Restorative Justice

Divine Justice-Social Justice

Divine Justice As Restorative Justice

     With all of the chaos happening in the United States and on the worldwide stage, There is a place in history that has divided our topic into two categories while at the same time there is really only one.  Divine justice includes retributive justice but is better described as relational or restorative justice although they both may seem to contradict one another. But this is not the case.
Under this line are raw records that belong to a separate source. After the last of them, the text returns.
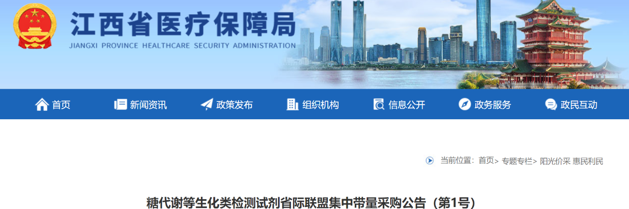 11月4日,江西醫(yī)保局發(fā)布《糖代謝等生化類檢測試劑省際聯(lián)盟集中帶量采購公告(第1號)》,公布了正式采購文件和首年采購需求量(完整見文末)。
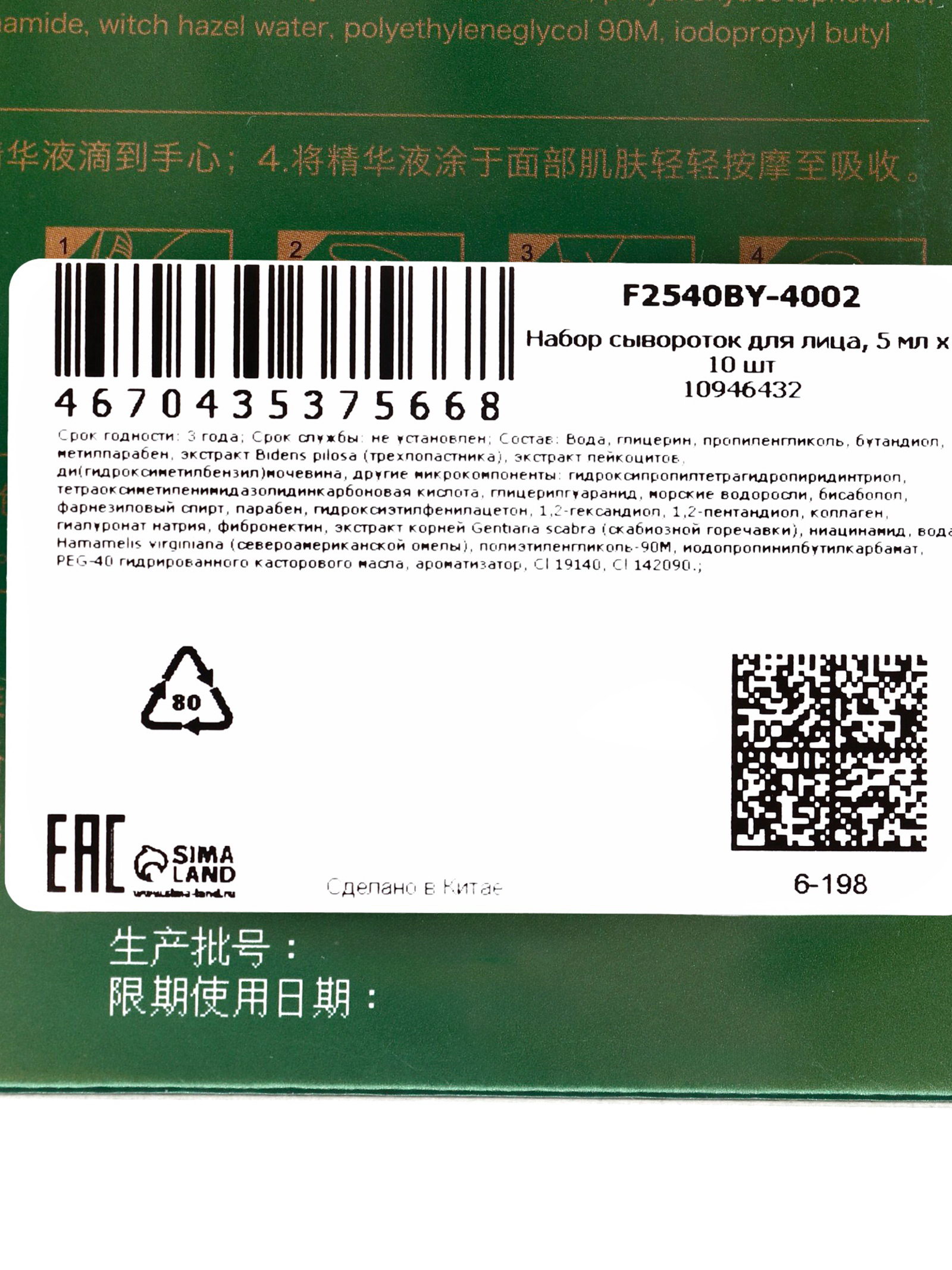 Тип кожи: Для всех типов, Зрелая Размер упаковки: 13.5 x 19.5 x 2.5 см. tnved: 3304990000 Область применения: Для лица Вид: Сыворотка Вес, г/Объём, мл: 5 Набор сывороток для лица в мини?формате (5?мл x?10?шт) создан для борьбы с морщинами и признаками возрастных изменений кожи. Средство сочетает в себе активные компоненты, направленные на увлажнение, укрепление кожи и стимулирование её естественных восстановительных процессов, с растительными экстрактами, в частности Bidens pilosa травой, известной своими успокаивающими, антиоксидантными и регенерирующими свойствами. Экстракт Bidens pilosa (трава, также известная как чёрный джек или травa с противовоспалительным действием) в косметике применяется для успокоения раздражённой кожи, поддержки её барьерной функции и защиты от оксидативного стресса, что помогает улучшить общее состояние кожи и повысить её устойчивость к внешним факторам. В сочетании с увлажняющими компонентами сыворотка выполняет комплексный уход в период возрастных изменений. Сыворотки удобно использовать курсом, а формат по 5?мл идеально подходит для пробного применения, путешествий или последовательного ухода. Основные эффекты
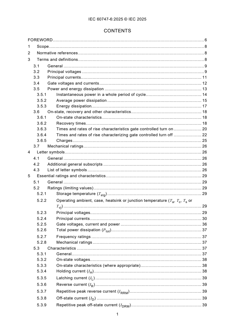 IEC 60747-6:2025 specifies product specific standards for terminology, letter symbols, essential ratings and characteristics (properties), measuring and test methods, requirements for type tests, routine tests, endurance tests and marking for the following discrete semiconductor devices: - reverse blocking triode thyristors; - reverse conducting (triode) thyristors; - bidirectional triode thyristors (triacs); - turn-off thyristors. If no ambiguity is likely to result, any of the above will be referred to as thyristors. This edition includes the following significant technical changes with respect to the previous edition: a) the terms and definitions for partial thermal resistance junction-to-case and voltages related to ratings and characteristics (properties) have been added; b) Clauses 3, 4, 5, 6 and 7 were amended with some deletions of information no longer in use and with some necessary additions.

     First of all divine justice is visible. The Hebrew language for justice means the same as righteousness. In the Bible the meaning overlaps. The death and resurrection of Christ for Christians is the controlling frame of reference for comprehending the true mean of divine justice. The biblical notion of righteousness refers broadly to doing, being, declaring, or bringing about what is right. Righteousness is a comprehensively relational reality. It is something that inheres in our relationships as social beings. To be righteous is to be true to the demands of a relationship, whether that relationship is with God or with other persons. To be unrighteousness – say, through criminal activity – is to violate the meaning of the relationship. When such violations occur, offenders stand in need of restoration. But the goal of the punishment is not to maintain some abstract cosmic balance, but to put right what has gone wrong, to protect the community, and to restore the integrity of its life and its relationship with God. Justice is satisfied by the restoration of peace to relationships, not by the pain of punishment per se. God’s justice is retributive inasmuch as it is never prejudiced, arbitrary, or impulsive, and is always morally attuned to human deeds and deserts. Yet it focuses not on imposition of retribution on wrongdoers, but the restoration of right relationship.

     The restorative character of biblical justice can be read as one large of story of God’s restorative justice at work. God creates a perfect, harmonious world, one in which everything is as it ought to be, where human beings live in the right relationship with one another, with God, and with the wider created order. For example, Adam and Eve are expelled from the Garden; they are alienated from relationship with God, with each other, and with the very ground of their origin. We also see through the preservation of Noah, the call of Abraham, the election and liberation of Israel, the choice of Judah and the house of David as bearer of the messianic see, and the return of Israel from exile and defeat, God patiently works to restore justice to the world. Finally through the incarnation, life, death, and resurrection of Jesus Christ God liberates humanity from its subjection to the dominion of sin and death and renews human nature from the inside out.

     The consummation of God’s restorative action will be achieved when sin and death are finally abolished forever, and all creation is set from pain, corruption, and frustration. In revelation, the new heaven and new earth described in this vision is not some replacement planet. It is the world purged of pain, suffering, and tears and permeated with the presence of God. God’s justice is finally vindicated by making all things new.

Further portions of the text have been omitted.